5) if you always had done TDD, 100% coverage is a moot point...you would already have 100%

6) Add tests as you maintain the code, not to gold plate the code. If you already have to go in to make a change, cover its existing state in tests so you know if you broke the existing functionality. You should be able to assume production code already works if the users have tested it in production.

7) really? you have dead code in production and you know about it? No one would write tests knowingly for code that should be deleted. Just delete the useless code.

8) I could go on all day

Oguzhan Acargil said...
This comment has been removed by the author.
Graham Pearson said...

Thanks for the comments.

Maybe I've overstated the problems we're facing. The vast majority of our tests are good, isolated, repeatable, independent, non-brittle tests and this is reflected in the quality of the systems we've developed and maintained. In fact the best developers on the team probably never look at code coverage anymore.

So the real question (and the title of the post) is whether measuring code coverage can do more harm than good. On the one hand it's good to know what's been covered and gives some 'sense' of the state of the test suite, but on the other hand as has been mentioned, knowing someone is looking at a metric changes your behaviour to met the metric. Does one outweigh the other?

Or as I suggested at the end of the post use coverage simply as an aid to other processes like code reviews (let's review the tests before the code and se if I can understand what the code is supposed to be doing by what tests are being run), and test-first approaches (coverage should be 100% if we're practicing this so it's an easy intial 'confirmation').

Giacomo said...

Stupidity considered harmful

Robert Pieper said...

in response to my prior comment and the author's current comment... To me, code coverage is not too different than a speedometer. It is used to know something about your current state. Am I going the speed limit? Do I have all my happy paths under test?

Sure, you can break the rules and do what you have to do to see the number you want to see, but at the end of the day the truth is the truth: you are breaking the law or you are not; you have all your logic under (at least) basic tests or you do not.

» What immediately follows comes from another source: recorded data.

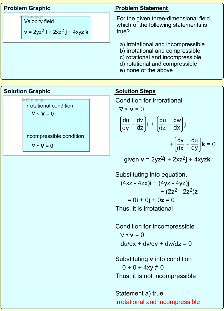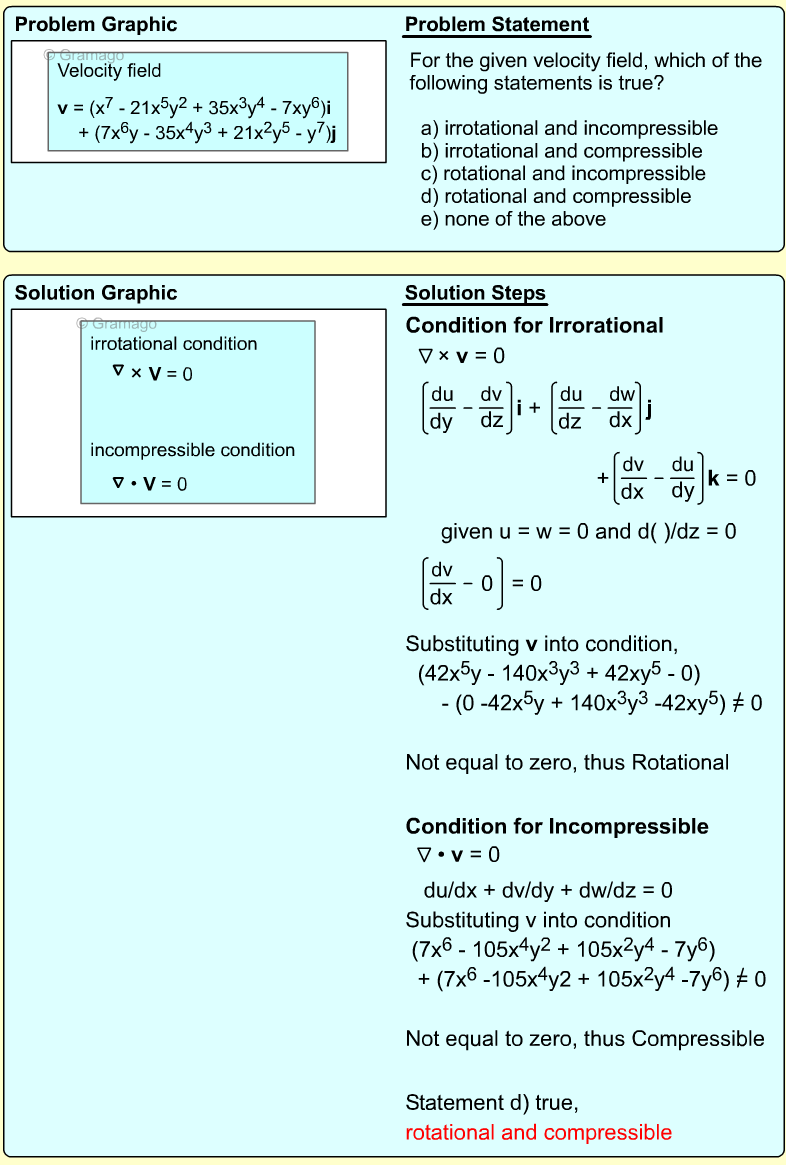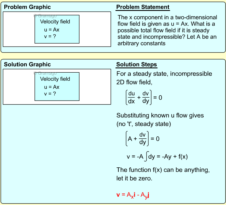 A few assumptions need to be made before the stream function can be determined. First, the flow is assumed to be steady and compressible. Next, the flow is only in the x and y plan (no z-direction flow). Finally, the velocity field needs to satisfy the
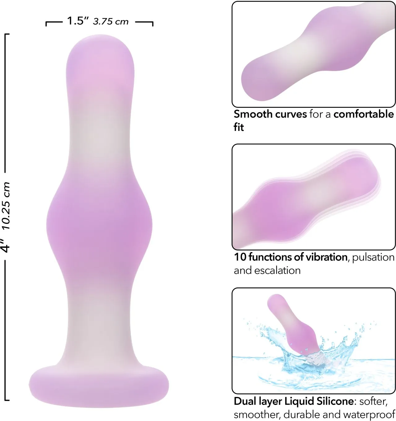 Изготовленный из двухслойного жидкого силикона, этот девайс не только ощущается более мягким и гладким на вашей коже, но также отличается высокой прочностью и полностью водонепроницаемостью.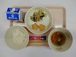 【7月7日のきゅうしょく】ごはん,うめふりかけ,たなばたじる,星のポテト,アーモンドあえ,ぎゅうにゅう
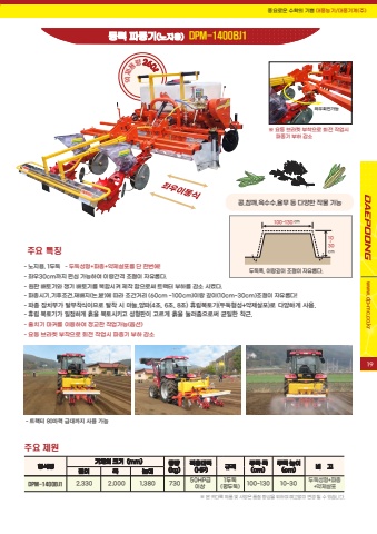 %ud48d%uc694%ub85c%uc6b4 %uc218%ud655%uc758 %uae30%uc068 %ub300%ud48d%ub18d%uae30/%ub300%ud48d%uae30%uacc4(%uc8fc)www.dp-mc.co.kr10~ 30cm100~130 cm%ub450%ub451%ud3ed, %uc774%ub791%uae4a%uc774 %uc870%uc808%uc774 %uc790%uc720%ub86d%ub2e4.%uc57d%uc81c%uc6a9%ub7c9260%u2113%ub3d9%ub825 %ud30c%uc885%uae30(%ub178%uc9c0%uc6a9) DPM-1400BJ1%ud615%uc2dd%uba85%uae30%uccb4%uc758 %ud06c%uae30 (mm) %uc801%uc6a9%ub9c8%ub825 (HP)%uc911%ub7c9(kg) %uaddc%uaca9 %ube44 %uace0 %ub450%ub451 %ud3ed (cm)%ub450%ub451 %ub192%uc774 (cm) 1%ub450%ub451(%ud3c9%ub450%ub451)%uae38%uc774 %ud3ed %ub192%uc774%ub450%ub451%uc131%ud615+%ud30c%uc885+%uc57d%uc81c%uc0b4%ud3ec%uc8fc%uc694 %uc81c%uc6d0DPM-1400BJ1 2,330 2,000 1,380 50HP%uae09 %uc774%uc0c1 730 100~130 10~30%u203b %ubcf8 %uce74%ub2e4%ub85d %uc81c%ud488 %ubc0f %uc0ac%uc591%uc740 %ud488%uc9c8 %ud5a5%uc0c1%uc744 %uc704%ud558%uc5ec %uc608%uace0%uc5c6%uc774 %ubcc0%uacbd %ub420 %uc218 %uc788%uc2b5%ub2c8%ub2e4.- %ud2b8%ub799%ud130 80%ub9c8%ub825 %uae09%ub300%uae4c%uc9c0 %uc0ac%uc6a9 %uac00%ub2a5- %ub178%uc9c0%uc6a9, 1%ub450%ub451 - %ub450%ub451%uc131%ud615+%ud30c%uc885+%uc57d%uc81c%uc0b4%ud3ec%ub97c %ub2e8 %ud55c%ubc88%uc5d0!- %uc88c%uc6b030cm%uae4c%uc9c0 %ud3b8%uc2ec %uac00%ub2a5%ud558%uc5ec %uc774%ub791%uac04%uaca9 %uc870%uc808%uc774 %uc790%uc720%ub86d%ub2e4.- %uc6d0%ud310 %ubc30%ud1a0%uae30%uc640 %uc7c1%uae30 %ubc30%ud1a0%uae30%ub97c %ubcf5%ud569%uc2dc%ucf1c %uc81c%uc791 %ud568%uc73c%ub85c%uc368 %ud2b8%ub799%ud130 %ubd80%ud558%ub97c %uac10%uc18c %uc2dc%ucf30%ub2e4.- %ud30c%uc885%uc2dc%uae30,%uae30%ud6c4%uc870%uac74,%uc7ac%ubc30%uc9c0(%ub17c,%ubc2d)%uc5d0 %ub530%ub77c %uc870%uac04%uac70%ub9ac (60cm ~100cm)%uc774%ub791 %uae4a%uc774(10cm~30cm)%uc870%uc808%uc774 %uc790%uc720%ub86d%ub2e4!- %ud30c%uc885 %uc7a5%uce58%ubd80%uac00 %ud0c8%ubd80%ucc29%uc2dd%uc774%ubbc0%ub85c %ud0c8%ucc29 %uc2dc %ub9c8%ub298,%uc591%ud30c(4%uc870, 6%uc870, 8%uc870) %ud734%ub9bd%ubcf5%ud1a0%uae30(%ub450%ub451%ud615%uc131+%uc57d%uc81c%uc0b4%ud3ec)%ub85c %ub2e4%uc591%ud558%uac8c %uc0ac%uc6a9.- %ud734%ub9bd %ubcf5%ud1a0%uae30%uac00 %uc77c%uc815%ud558%uac8c %ud759%uc744 %ubcf5%ud1a0%uc2dc%ud0a4%uace0 %uc131%ud615%ud310%uc774 %uace0%ub974%uac8c %ud759%uc744 %ub20c%ub7ec%uc90c%uc73c%ub85c%uc368 %uade0%uc77c%ud55c %ucc29%uadfc.- %uc904%uce58%uae30 %ub9c8%ucee4%ub97c %uc774%uc6a9%ud558%uc5ec %uc815%uad50%ud55c %uc791%uc5c5%uac00%ub2a5(%uc635%uc158)- %uc694%ub3d9 %ube0c%ub77c%ucf13 %ubd80%ucc29%uc73c%ub85c %ud68c%uc804 %uc791%uc5c5%uc2dc %ud30c%uc885%uae30 %ubd80%ud558 %uac10%uc18c%uc8fc%uc694 %ud2b9%uc9d5%ucf69,%ucc38%uae68,%uc625%uc218%uc218,%uc728%ubb34 %ub4f1 %ub2e4%uc591%ud55c %uc791%ubb3c %uac00%ub2a5%u203b %uc694%ub3d9 %ube0c%ub77c%ucf13 %ubd80%ucc29%uc73c%ub85c %ud68c%uc804 %uc791%uc5c5%uc2dc %ud30c%uc885%uae30 %ubd80%ud558 %uac10%uc18c%uc88c%uc6b0%ud68c%uc804%uac00%ub2a519

I wrote a little something on the topic. Feel free to poke holes in it since I poked holes in yours. I take a stance in a heated, rat-hole of a conversation which I feel needed to be represented.

-R

Robert Pieper said...

forgot the link

\http://www.centare.com/100-code-coverage/

Robert Pieper said...

http://www.centare.com/100-code-coverage/

tanusoft said...

First "quick fix" for your "ugly legacy code" problem : read the documentation of your coverage tool and find out how to configure it to ignore some parts of your source code if you know that you don't want tests on that part.

Or better yet, if that legacy code is now useless due to newer code that has superseded it, shouldn't it be removed from the project ?

2nd fix, but less quick... Do code reviews on the unit-tests. Code coverage metrics are not a substitute for human interaction. If you feel you really need metrics for communicating your needs, for example if there can be a long time between finding some class to improve and the moment it is fixed, and you feel that you need to keep that information so that it doesn't get forgotten, look for some way to keep such annotations in the code that will reflect through the metrics tools you are using.